The last time I tried, for example, to record a new album, which I’ve been trying to do, really. It wasn’t for lack of trying, I’ve been trying to record a new album for the last, well, for this whole time, the last 10 years. It takes a very long time for me to record primarily just because I record alone and it’s more of assembling… building a house by yourself or something. It takes months versus a couple weeks or so. This last one actually took a year and the last time we tried to plan it out, it was in 2013 and that had been after many other attempts at clearing out the time and each time, something really exciting came up that I didn’t feel like I could miss. In 2013, I remember being on tour, specifically, I was on a solo tour, and I said, “Okay, when this tour is done, that’s it, I’m going to carve out the next three months. Even if we can’t get the whole album done, at least it’ll be underway, it’ll officially be happening.”

I have had these songs and parts floating around and in various stages of completion for years, since 2005 or 2006. I remember this moment, it was in San Antonio, Texas I believe, and I got a call from my manager. He said, “Well, I guess we won’t be able to record the album for those three months.” I said, “Why? What are you talking about? We made an agreement, a promise to ourselves that we were going to turn down any offer.” He said, “Well, you just got offered an opening heavy metal DJ slot for the Black Sabbath North American tour.”

There would never have been a part of my mind that would dare to dream up that kind of opportunity and say, “Hey, go tell Black Sabbath that I want to be their DJ.” When something like that came up, I couldn’t resist. I felt like I had to do that kind of thing. Anyway but there’s always been a destiny feeling to this work that I’ve tried to embrace where you just follow the omens or you follow that deepest instinct and it would be nice to say we planned it all out this way but it sort of feels like it’s planning us. That’s how I feel.

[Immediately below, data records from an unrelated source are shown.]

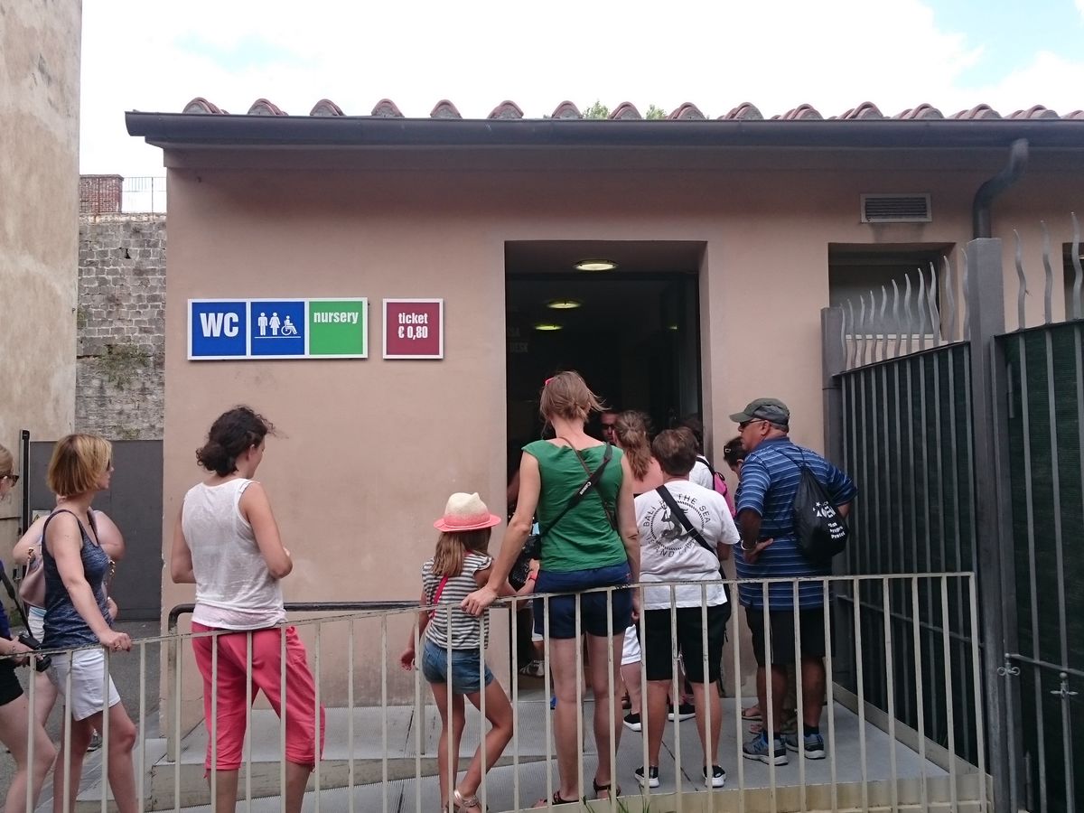 ロッカーは3~4人でひとつを共有して荷物を押し込み、代表が番号札を持つような形となります。管理人のおじさんがいるので、盗難は心配しなくてもよさそうです。トイレは結構混み合いますが、有料(0.80ユーロ/人)ですので、小銭をご用意ください。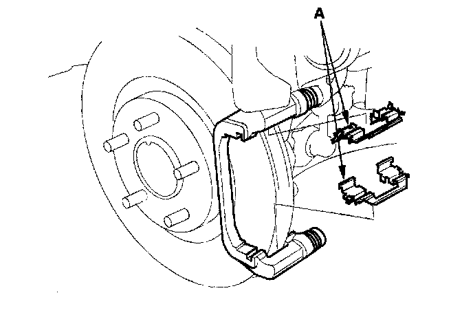 5. Using vernier calipers, measure the thickness of each brake pad lining. The measurement does not include the brake pad backing plate (A) thickness.
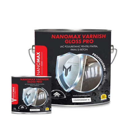 Nanomax Varnish PU Gloss, Lac Polyurethane Beton-is a high-quality nano-polymer varnish, a product intended for the decoration and protection of pavement, stone, concrete, brick or other porous substrates.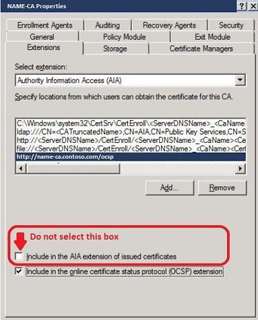 A common question from certification authority administrators is "Does Enterprise PKI (PKIView) support OCSP?" Yes, the Microsoft Management Console (MMC) Enterprise PKI ( PKIView ), supports the When setting up Certificate Extensions, you must ensure that the Include in the AIA extension of issued certificates is not selected . That option is located in the Extensions tab of the CA Properties in the Certification Authority console. The correct configuration for an http path specifying the AIA for an Online Responder is shown in the following figure. This question has also been added to the Active Directory Certificate Services FAQ at http://social.technet.microsoft.com/wiki/contents/articles/1587.aspx

TrunkSpace: A lot of times people want to define a musician’s legacy by his or her songs, their hits, their mainstream success. What do you want your legacy to be when all is said and done?
Andrew W.K.: Just party. My main goal beyond the feeling I’m trying to give someone, if there’s a way that I’m going to be marked down in the index of life or music, I just want my name and partying to be synonymous. That’s my goal. Party hard, whatever, the bloody nosed guy. To exist at all is almost impossible. If I can pull that off in some kind of a blurry outline of a filthy guy in white clothes with stringy hair and a bloody nose singing about partying, that’s more than enough. That would be a tremendous achievement, if I could actually bring that into a long lasting standing. That’s the goal.

Andrew W.K.’s “The Party Never Dies” tour kicks off tomorrow in Atlanta, GA.